Implicitly aligns with the memorization effect: The global threshold increases naturally as training progresses, allowing the learning of more samples in the early phase and applying stricter selection in the later phase.
Truncated normal distribution re-weighting: Sweeter and smoother than hard 0/1 selection or simple linear weighting, automatically tightening as training progresses (\(\mu\) increases while \(\sigma\) decreases).
Unity of three strategies: The integration of selection, correction, and re-weighting is more effective than any single strategy alone.

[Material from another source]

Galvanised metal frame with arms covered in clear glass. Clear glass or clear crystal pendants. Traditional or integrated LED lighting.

Limitations & Future Work¶

Validated only on classification tasks; downstream tasks such as detection or segmentation were not considered.
Evaluated mainly using a 7-layer CNN as the backbone, without validation on larger architectures (e.g., ViT).
EMA coefficients \(m\) and \(\alpha\) still require manual configuration.
Instance-dependent noise scenarios were not taken into consideration.

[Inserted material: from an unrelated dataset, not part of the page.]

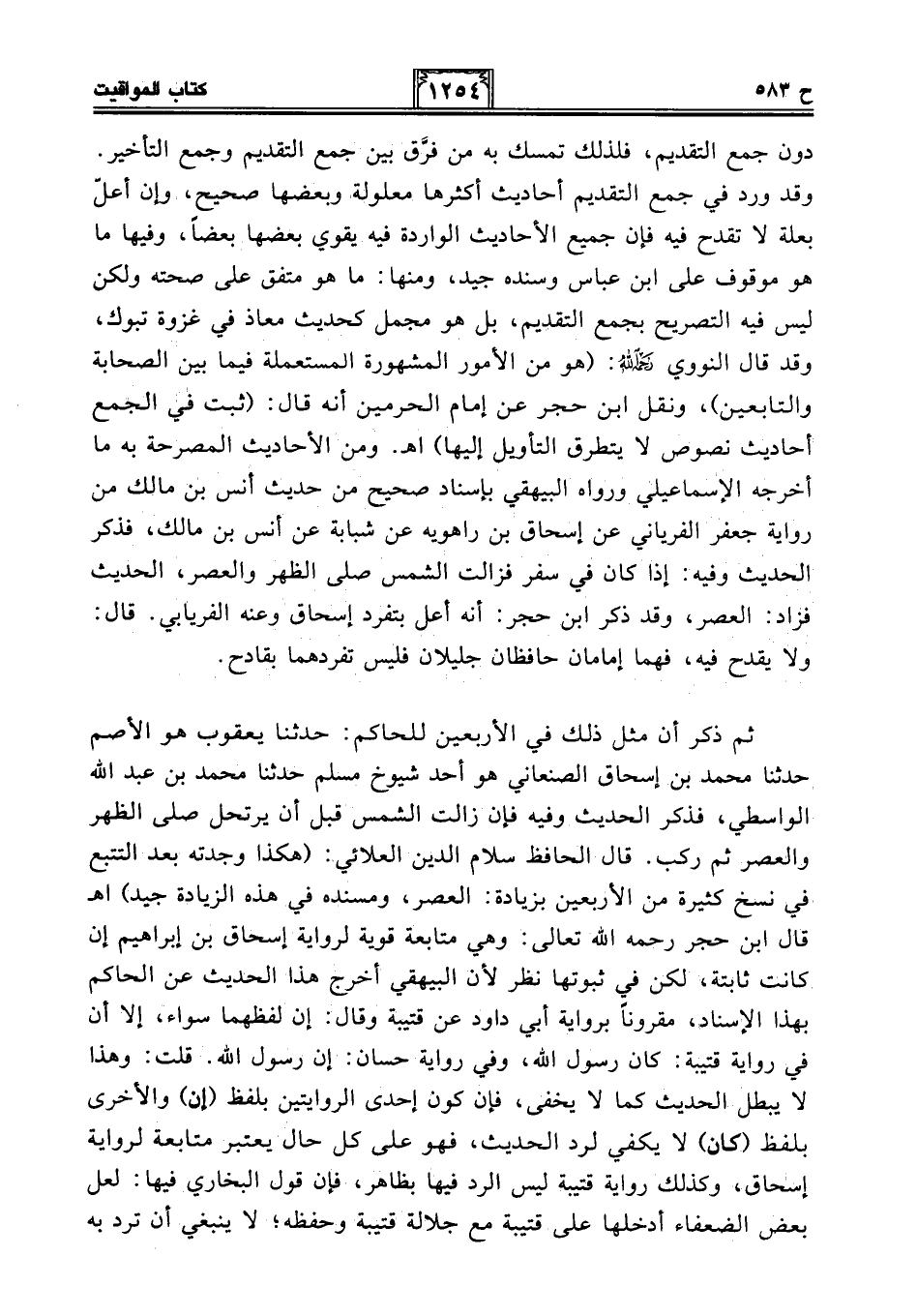 ثم ذكر أن مثل ذلك في الأربعين للحاكم: حدثنا يعقوب هو الأصم حدثنا محمَّد بن إسحاق الصنعاني هو أحد شيوخ مسلم حدثنا محمَّد بن عبد الله الواسطي، فذكر الحديث وفيه فإن زالت الشمس قبل أن يرتحل صلى الظهر والعصر ثم ركب. قال الحافظ سلام الدين العلائي: (هكذا وجدته بعد التتبع في نسخ كثيرة من الأربعين بزيادة: العصر، ومسنده في هذه الزيادة جيد) اهـ قال ابن حجر -رحمه الله تعالى-: وهي متابعة قوية لرواية إسحاق بن إبراهيم إن كانت ثابتة، لكن في ثبوتها نظر لأن البيهقي أخرج هذا الحديث عن الحاكم بهذا الإسناد، مقرونًا برواية أبي داود عن قتيبة وقال: إن لفظهما سواء، إلا أن في رواية قتيبة: كان رسول الله، وفي رواية حسان: إن رسول الله. قلت: وهذا لا يبطل الحديث كما لا يخفى، فإن كون إحدى الروايتين بلفظ (إن) والأخرى بلفظ (كان) لا يكفي لرد الحديث، فهو على كل حال يعتبر متابعة لرواية إسحاق، وكذلك رواية قتيبة ليس الرد فيها بظاهر، فإن قول البخاري فيها: لعل بعض الضعفاء أدخلها على قتيبة مع جلالة قتيبة وحفظه؛ لا ينبغي أن ترد به

vs Co-teaching: Co-teaching requires a predefined drop rate and dual-network cross-training, whereas SED's single-network design with an adaptive threshold is more concise and efficient.
vs DivideMix: DivideMix relies on a GMM for selection and MixMatch for semi-supervised learning. In contrast, SED utilizes a data-driven threshold and truncated normal distribution weighting, bypassing GMM's Gaussian mixture assumption.
vs DISC: DISC selects samples based on memorization strength, while SED operates on prediction probability and class-balanced thresholds, delivering superior performance in most scenarios.

Rating¶

Novelty: ⭐⭐⭐⭐ The combination of global-and-local thresholds and truncated normal distribution re-weighting is innovative, although the overall paradigm (selection + correction + re-weighting) is relatively classical.
Experimental Thoroughness: ⭐⭐⭐⭐⭐ Comprehensive coverage of synthetic and real-world noise datasets, extensive ablation studies, and rich visualization analysis.
Writing Quality: ⭐⭐⭐⭐ Well-structured with complete mathematical derivations, though some formulas involve heavy notations and require close reading.
Value: ⭐⭐⭐⭐ High practical value due to its prior-free and effective nature; however, it is currently limited to small-scale classification experiments.